The Master and Margarita is a wonderful book, thanks to the efforts of five storytellers. Bulgakov is only the first.

He’s probably the most important, too. The 20th-century Russian author has a wicked talent for atmosphere; his 1937 novel transports the reader to a Moscow that almost existed. The tense, wild summers of the Stalin-era city propel the story like hot air filling up a balloon. From high up in its basket, the reader is free to behold a thousand tragedies, which, at such a distance, become comedies. Jerusalem appears on the horizon for a few moments, then a moonlit world beyond time and space. Naked witches glide past on brooms. Smoke fills the air. It is a fantastic voyage, but escaping the terror that grips the city below means taking a ride with the devil himself.

Satan, adorned in a checkered sport coat and trailed by a fiendish retinue, is the second entity that guides the story. He’s not strictly a hero or villain; as the magician Professor Woland, he captivates crowds, but as the latest in a long line of Russian trickster-protagonists he stupefies the bumbling artists and corrupt bureaucrats in the upper echelons of communist society. Most of the time, they deserve it. At Woland’s magic show, materialistic women fight one another to trade in their rags for conjured French fashions, only to emerge in their underwear. An unscrupulous landlord accepts a bribe that turns into illegal foreign currency. Other times, Satan’s victims are ordinary people thrust into the path of the scheming interpreter Koroviev or the gluttonous talking cat Behemoth.

Vignettes detailing his encounters, which make up the first half of the story, are initially disturbing but slowly morph into cathartic fun as Bulgakov sinks deeper into the climate of fear and suspicion which the ‘good’ characters—a relative term here applied to the Master, Margarita and the poet Ivan Homeless—endure daily. The only people to which Satan is resolutely loyal are Margarita, an unhappy housewife, and the Master, the disgraced author of a novel about Pontius Pilate.

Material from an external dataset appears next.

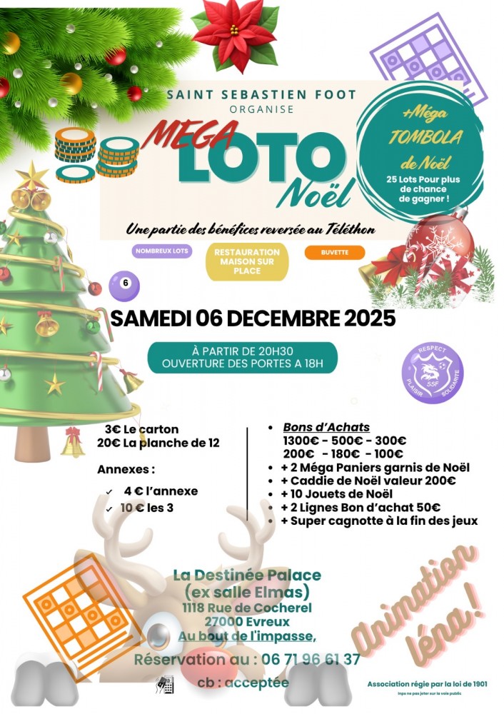 Loto de Noël animé par Lena, le club vous propose des bons d’achat de 50 à 1300€, des jouets, paniers et caddies garnis. Mais aussi une tombola de Noël et la cagnotte à gagner à la fin

The latter, who is also Margarita’s lover, is the third storyteller. Master is not only an author-insert for Bulgakov himself, but a foil to Woland. This is most evident in their use of monogram: the magician distributes business cards marked with a W, while the Master demonstrates his profession by donning “a completely greasy black cap with the letter ‘M’ embroidered on it,” an inversion which (I think) also works in the original Cyrillic alphabet (135). He and Woland take turns telling the story, whose chapters, inserted sporadically into the longer narrative, create a commentary on the eternal use and abuse of power. Its depiction of the life and death of Jesus, here called Yeshua Ha-Nozri to distance the story from the biblical Greek, is not necessarily accurate but is an intriguing look at religious history in a country where most people, according to one literary critic, “long ago ceased believing in fairy tales about God” (8). Here, the biblical messiah becomes a ragged philosopher with a single wandering disciple, who is executed by Pilate out of cowardice and a sense of obligation. Their dialogues, as well as the descriptions of 1st-century Jerusalem, are some of the most beautiful in the whole book. But the credit for these passages must go to the fourth and fifth storytellers: the translators.

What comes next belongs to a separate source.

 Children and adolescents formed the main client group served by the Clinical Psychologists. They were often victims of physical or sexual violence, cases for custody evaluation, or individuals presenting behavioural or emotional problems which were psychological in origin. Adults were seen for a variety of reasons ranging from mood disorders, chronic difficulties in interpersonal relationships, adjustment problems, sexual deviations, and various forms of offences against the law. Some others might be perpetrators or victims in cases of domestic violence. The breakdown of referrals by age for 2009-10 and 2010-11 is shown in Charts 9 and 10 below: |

Richard Pevear and Larissa Volokhonsky did a great job translating The Master and Margarita from Russian to English for the Penguin Classics 50th anniversary Edition. Pevear and Volokhonksy’s prose is readable and image driven, and their cultural annotations help reveal the novel’s hidden depths. As far as I can tell, they represent the best of modern classic translation. They have translated at least 50 works of classic Russian literature together and won the PEN translation prize. While The Master and Margarita is the first book translated by them that I’ve read, my great-aunt claims that they produced “the only decent [English] copy” of Leo Tolstoy’s War and Peace. They deserve at least as much real-world credit as Bulgakov for creating an enjoyable version of the story.

Because The Master and Margarita is such a good story, I find it much more difficult to share my opinion of it. Whenever I think about how much I love it, another amusing detail or message occurs to me. I want to reread it, to annotate it and discuss it with friends, to buy my own copy and treasure it. I’m really grateful that this book exists.

I just wish I knew who to thank.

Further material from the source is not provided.